The programmes are broadcasting on Sunday night at 7pm and the lectures are on the previous Friday at the National Gallery at 6.30pm.  It looks like they'll also be available on 4OD.
 
There are six programmes:
  • Power and Personality  (Broadcast: Sunday 3rd October 7pm. Lecture: Friday 1st October, 6.30pm) Historian Dr David Starkey examines how royal portraiture from Henry VIII to Princess Diana has had an enduring influence on the iconic power of personality. 
  • Art for the People  (Broadcast: Sunday 10th October 7pm. Lecture: Friday 8th October, 6.30pm) Cultural commentator Dr Gus Casely-Hayford, whose ancestor arrived as a newly freed slave in 18th-century London, explores William Hogarth’s revolutionary pioneering of art for the people.     
  • Flesh (Broadcast: Sunday 17th October 7pm. Lecture: Friday 15th October, 6.30pm) Novelist Howard Jacobson breaks through the frost of Victorian prudery in search of an eroticism all the more potent for its moral ambiguity. 

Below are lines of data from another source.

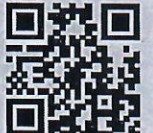
ماجد أبو سديرة
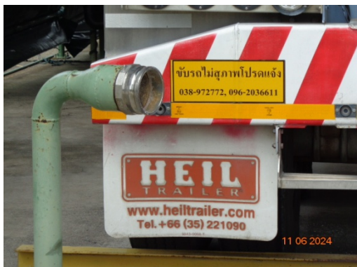
รูปที่ 3.1-23 การติดป้ายชื่อและหมายเลขโทรศัพท์ ที่โรงงานส่งผลิตภัณฑ์ และสารเคมี
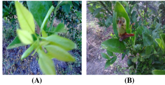
Gambar 4. (A) Daun muda jeruk yang sehat, (B) Daun muda jeruk yang rusak oleh OPT

Walaupun pengaruh konsentrasi biopestisida terhadap persentase kerusakan pada buah dan daun muda hampir sama, tetapi pengaruhnya terhadap tingkat kerusakan daun tua agak berbeda. 11 Hal ini dapat kita lihat pada Tabel 1.berikut ini.
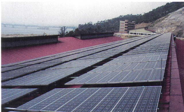
In der chinesischen Provinz Shenzen wurde die grösste Photovoltaikanlage Chinas eröffnet.

zeit auf dem Dach eines neuen Produktionsgebäudes montiert. Die Photovoltaikanlage ist nach erfolgreicher Inbetriebnahme im letzten September durch die Firma Siemens an den Kunden übergeben worden. Sie soll jährlich rund 140 000 kWh erzeugen. Dies entspricht etwa 10% des Strombedarfes dieser Fabrik.
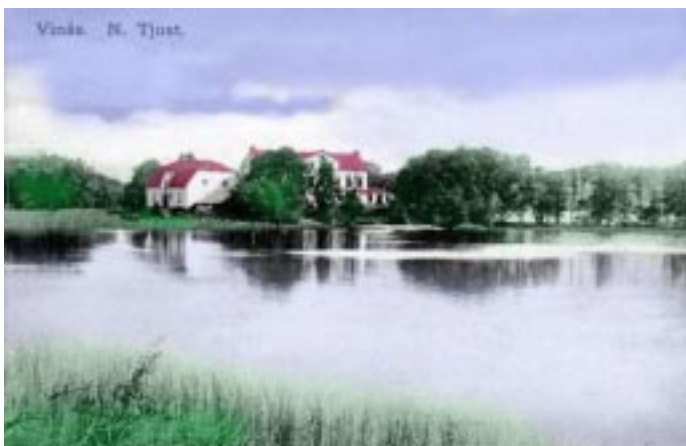
Vinäs i Storsjön vid 1900-talets början
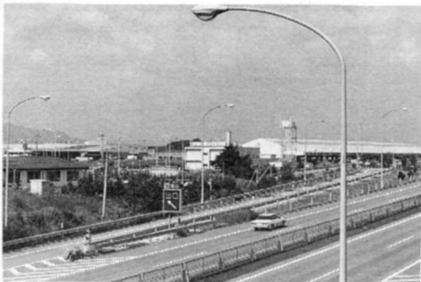
トラックターミナル
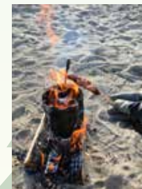
焼き鳥だって焼けます
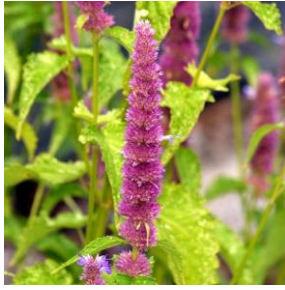
Anisisop - Agastache foeniculum 2
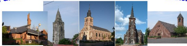
Abscon Escaudain Lourches Neuville Roeux

Seigneur, Tu veux pour moi la Vie, Toujours plus de Vie avec toi, Mais ma vie, à certaines heures est tellement complexe... Que me dis-tu ? A quoi Seigneur m'invites-tu ?
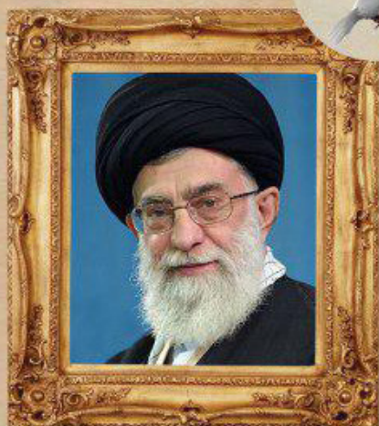
امام خامنه‌ای (مدظله‌العالی):

آن بزرگوار، از یک طرف، مظهر تعبد و تسلیم در مقابل تکلیف الهی و مظهر مجاهدت و شهادت مظلومانه است و از طرف دیگر، مظهر عظمت و شکوه و تنویر افکار عامه ملت اسلام در طول قرن هاست.
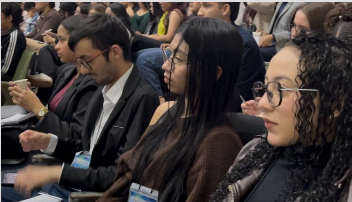
Congreso Internacional de psicología Teatro Jauregui

Además, este tipo de eventos fortalece la formación integral de los estudiantes de la Universidad de Pamplona, al brindarles la oportunidad de interactuar con investigadores, ampliar sus redes académicas y conocer nuevas oportunidades de desarrollo profesional. En consecuencia, el congreso no solo impulsa la investigación y la innovación, sino que también contribuye al posicionamiento de la institución como un referente en la formación y producción de conocimiento en el ámbito psicológico.
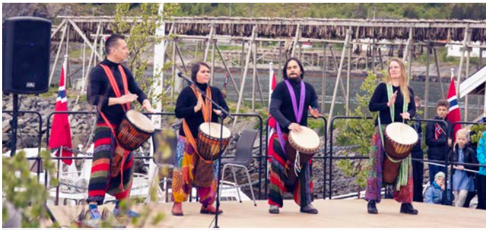
Kulturfest i Moskenes.
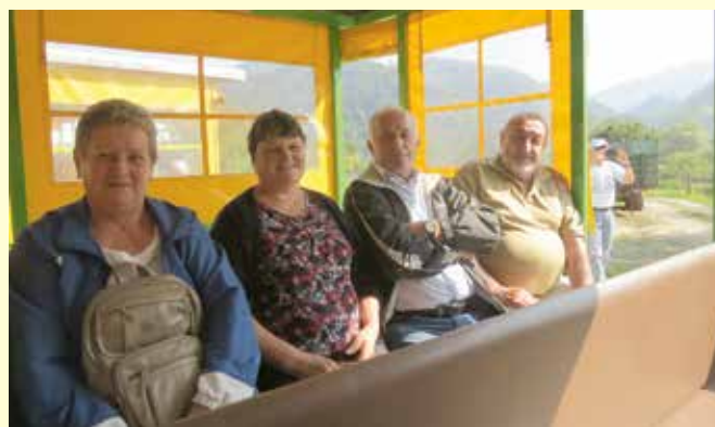
Pa smo šli. Z vlakcem v biološko učilnico.

Cerkev sv. Jurija je bila najverjetneje zgrajena že v 9. stoletju, zdajšnja pa je kot cerkev z romansko zasnovano nastala v drugi polovici 13. stoletja in je značilna predstavnica »koroškega tipa« romanskih cerkva z vzhodnim zvonikom. V njej je ohranjenih kar nekaj elementov, ki kažejo na različne stavbne gradbene faze, saj je bila deležna več prezidav in obnov. Jeseni leta 1993 so arheologi iz Maribora ob zamenjavi dotrajanega tlaka v podružnični cerkvi Sv. Jurija na Legnu naleteli na ostanke starejših sakralnih objektov in grobove. Med omenjenimi arheološkimi raziskavami so odkrili dve starejši gradbeni fazi: predromansko
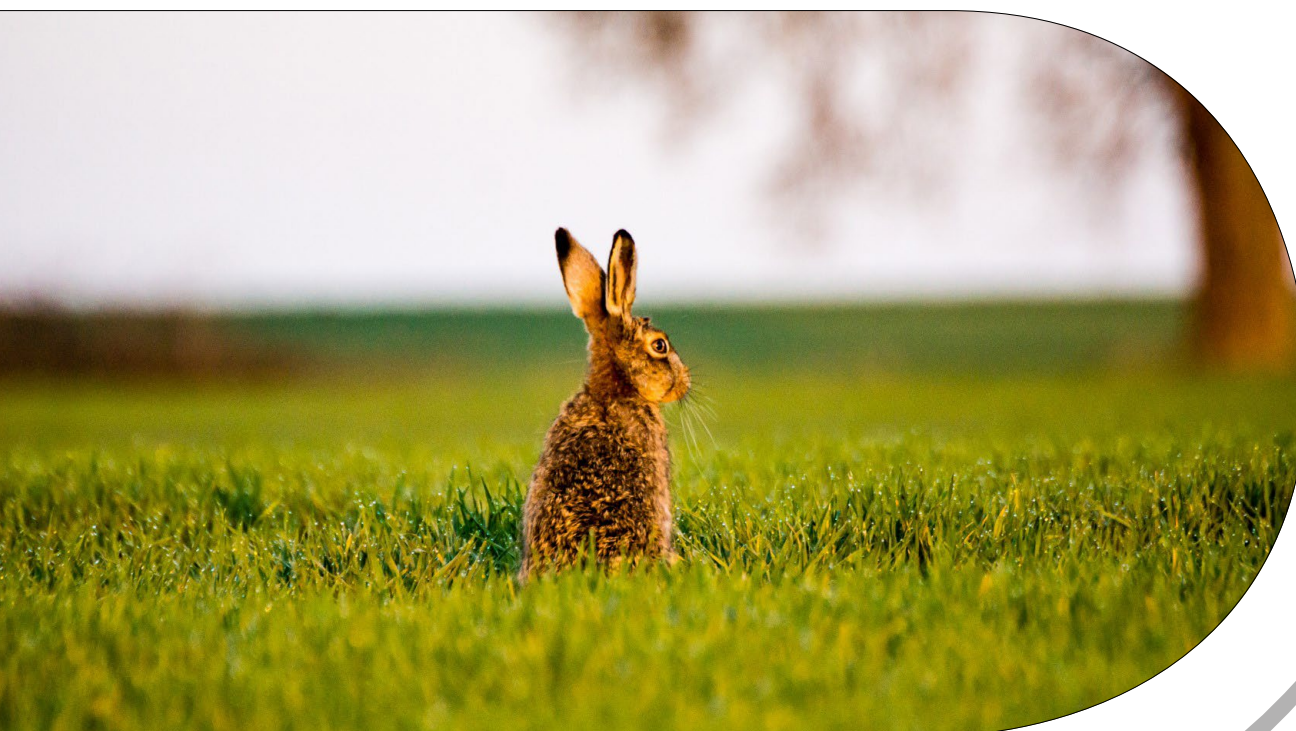
Feldhase Weitenfeld
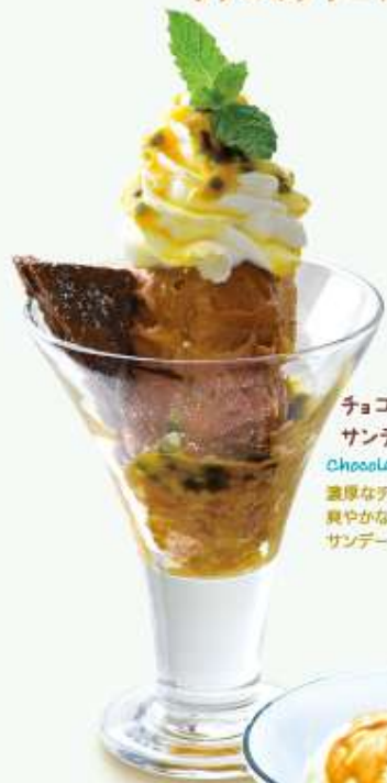
チョコとパッションフルーツのサンデー Chocolate and Passion-fruit sundae 濃厚なチョコブラウニーとチョコアイスに爽やかなパッションフルーツソースをかけたサンデー

  • Visions of England (Broadcast: Sunday 24th October 7pm. Lecture: Friday 22nd October, 6.30pm) Sir Roy Strong shows how the English invented a landscape art which reveals a sometimes shocking and subversive insight into our deepest fears. From Constable and Turner up to David Hockney and Mark Wahlberg in our own time, landscape artists have reflected visions of England on the cusp of great change.  
  • Modern Times  (Broadcast: Sunday 31st October 7pm. Lecture: Friday 29th October, 6.30pm) Janet Street-Porter revisits her own youth to show how from the 1950s onwards, modern art – from the likes of Patrick Heron and Francis Bacon to Tracey Emin, Damien Hirst and Gilbert and George – has been at the forefront of social and cultural changes which define our world today. 
There's also an article by the maker/Executive Producer of the programmes - about making the programmes

I had a good look through the documentaries and this is what crops up Art, Design and Literature (54 programmes)

This indicates that there's an educational series of 28 episodes about Tate Modern and National Gallery for 14-19 year olds "coming soon to 4OD" whic......
takes an informed view of some the most stunning, vital and celebrated pieces of art to have been created throughout the ages. 

Tate Modern focuses its gaze on the work of the twentieth century artists whose work still resonates to this very day while the National Gallery puts the work of the masters and pioneers under the microscope in a style that's designed to entertain as much as it educates and informs.
Plus you can also still watch - on 4OD - Life Class - Today's Nude from last year (which as I recall was responsible for a phenomenal jump in my traffic!)